15日に境内の大掃除を行った。総代、祭事係、獅子舞保存会など総勢20数名である。この時期、木の葉はすっかり落ち、掃き寄せた処は落葉で山をなす状態になる。毎日掃かないでいると落葉の絨毯となってしまう。その落葉を森の中の広場に運び、社頭を掃き清めるのである。ところが本年は、イチョウが黄葉したそのままの姿で、まだ盛んにハラハラと葉を落としている。椋の木もまだ少し葉が落ちないままで、年末までには相当な分量の落葉になりそうだ。11月に入ってからも、夏のような大雨が何回も続いた影響であろうか。こんなところにも異常な気候を感じてしまう。

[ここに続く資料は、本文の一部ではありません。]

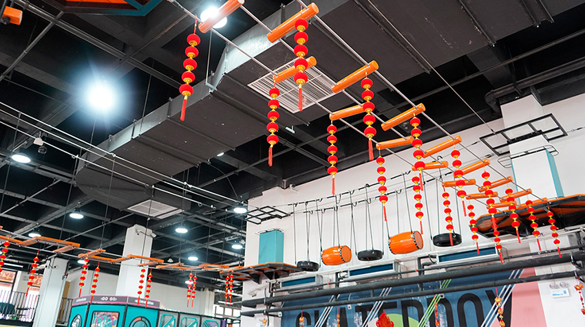 玩膩了地面上的滑梯,沒關系,我們在空中也設計了游玩拓展步道,木桶、輪胎、搖擺橋、獨木橋、圓筒通道、“M”字吊橋等多個項目任你體驗,更有空中自行車項目,勇者來戰!

落葉の処理が一段落したところで、本殿、拝殿、末社の拭き掃除を行った。1年間の汚れを拭き清めて、新しい歳を迎える準備である。清々しい境内となり、午前中ですべての作業を終えることができた。その後、社務所でおむすびと豚汁で、ささやかな忘年会をして解散した。
本年は5月1日に、浩宮徳仁親王が126代天皇に即位され、元号が令和と改元された。10月22日には、即位礼正殿の儀が行われ、天皇は黄櫨染御袍を召されて、高御座の登り即位の事を内外に宣明されました。世界の191の国や機関の代表が参列される中、天皇の御言葉を受けて、内閣総理大臣が寿詞を申しあげ、万歳を三唱した。
11月14日の夕刻から15日の朝にかけて、大嘗祭が行われました。皇居東御苑に素朴な黒木の大嘗宮を建設し、この仮設の神殿に天照大御神及び天神地祇をお迎えして、今年の新穀で、神々をもてなすのである。一世に一度の大神事と呼ばれるもので、天皇はここで「国安かれ、民安かれ」と祈られる。この祈りから、令和の大御代は始まる。令和の御代が、日本の国にとって素晴らしいものとなるように、私たちもそれぞれの立場で頑張りたいものである。